Fourier analysis – Determination of frequency components using FFT

The function defined below has three frequencies 2, 4, and 10. How can the Fourier transform (FFT) be used to display these frequencies?

   myfun(t_) = 
 1/(2 Sqrt(
   2)) ((Sqrt)Abs(
     3 + Cos(4 t) - 
      4 Cos(2 t) (-1 + 
         E^(-0.018` t) (Cos(9.99999594999918` t) + 
            0.0009000003645002213` Sin(9.99999594999918` t))^2) + 
      4 E^(-0.018` t) (Cos(9.99999594999918` t) + 
         0.0009000003645002213` Sin(9.99999594999918` t))^2))

nt.number theory – Fourier transform of $ I_Y $, $ Y = { text {numbers with many prime factors} } $

To let $ Y $ Let be the set of integers $ N <n leq 2 N $ with more than $ D log log N $ Prime factors. We can think, say, $ D = ( log log N) ^ {1- epsilon} $,

We have pretty accurate approximations for the size of $ Y $ (I am aware of Chapter II.6 in Tenenbaum's book and the references it contains.) I wonder what work is available there for the Fourier transform $ widehat {1_Y} $ the characteristic function of $ Y $,


I would expect $ widehat {1_Y} $ To have tips on the main arches (ie bows around rations $ a / q $ with a small denominator). That's because $ Y $ is obviously "biased towards divisibility" and should therefore be slightly over-represented in the congruence class $ 0 $ mod $ d $ given for everyone $ d $, relative to other congruence classes mod $ d $,
A back-of-the-envelope calculation suggests that the value at the peak is around $ a / q $ should be roughly proportional $ c ^ { omega (q)} / q $, But what is known?
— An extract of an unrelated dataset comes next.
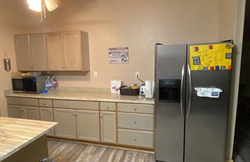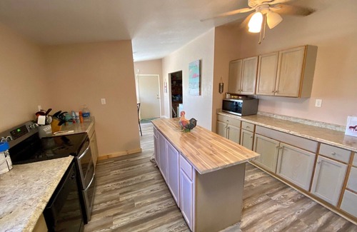 3 bdr, 2 bath house. Sits on a half acre of a full acre property. 20 x 20 addition living room which is the front entrance and also connects to a door to walk out on the covered porch and a fenced front yard. There is 2 sleeper sofa’s and 2 recliners. Entering the main house is another living room, a big open kitchen with an island and a dining area. Off the kitchen is the coffee bar which has a side door entrance and exit to the playground, firepit, and swimming pool area. Bedroom 1 is the master and has a king bed and en-suite bathroom with a garden tub and a 5ft walk-in shower. 2nd bedroom has 2 full beds. 3rd bedroom has a full bed and twin bunk bed. All rooms have TVs. Included is a laundry shed with 2 washers and 2 dryers. The outdoor space is shared with my other half-acre and has 3 rental cabins. This listing is for the house and outdoor pool/playground area only. This house will be listed as a whole property with 3 cabins/house together.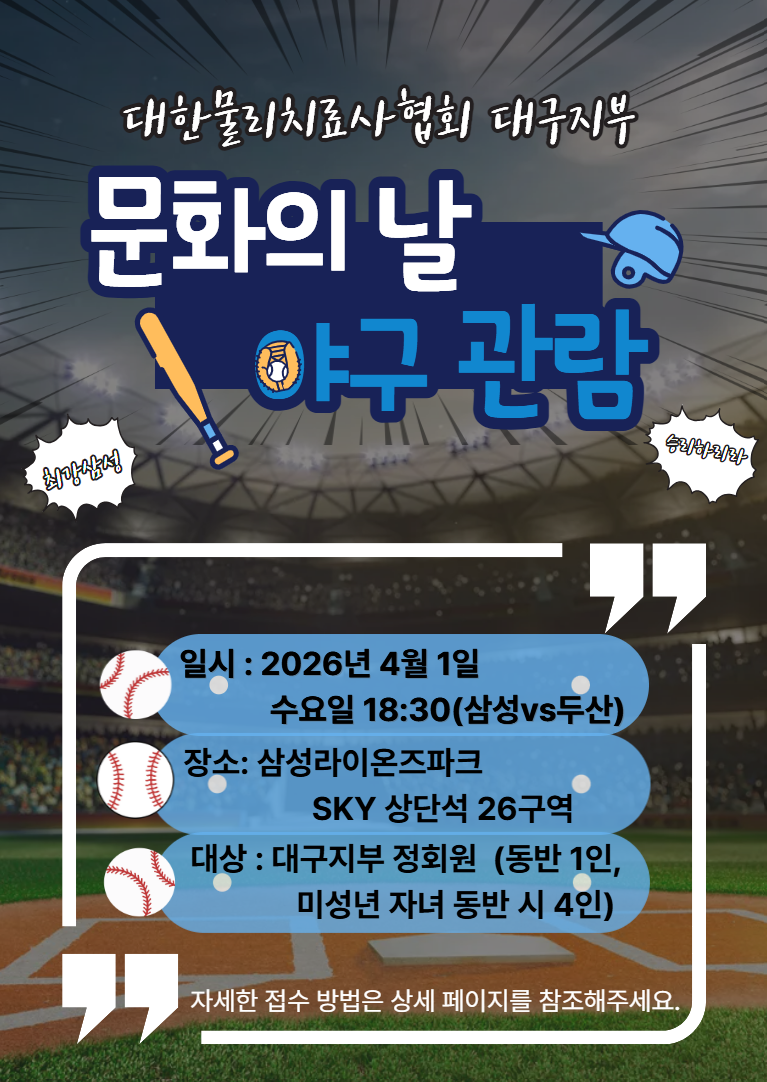사랑하는 가족, 친구, 연인과 함께 야구경기 관람하는건 어떠세요? 대한물리치료사협회 대구지부가 회원분들을 위해 준비했습니다.

fa.functional analysis – Characterization of a subset of the Sobolev space $ H ^ k (0.2 pi) $ in Fourier series

To let $ A: = {u in H ^ k (0.2 pi): u ^ {(j)} (0) = u ^ {(j)} (2 pi) mbox {for} j = 0,1, ldots, k-1 } $, from where $ H ^ {k} (0.2 pi) subseteq L ^ 2 (0.2 pi) $ is the Sobolev order room $ k $ on $ (0, 2 pi) $, Can we say that? $ u in A $ iff
$$ sum_ {n = – infty} ^ infty (1 + n ^ 2) ^ k | has {u} (n) | ^ 2 < infty? $$
In the above series $ has {u} (n) $ are the Fourier coefficients of $ u $, We think the answer to this question is positive because we may be able to identify $ A $ with the Sobolev space of the Torus $ H ^ k ( mathbb {T}) $Use this result. But we can not show that there is an isomorphism $ A $ and $ H ^ k ( mathbb {T}) $,

Know a reference for a characterization of $ A $ with Fourier series?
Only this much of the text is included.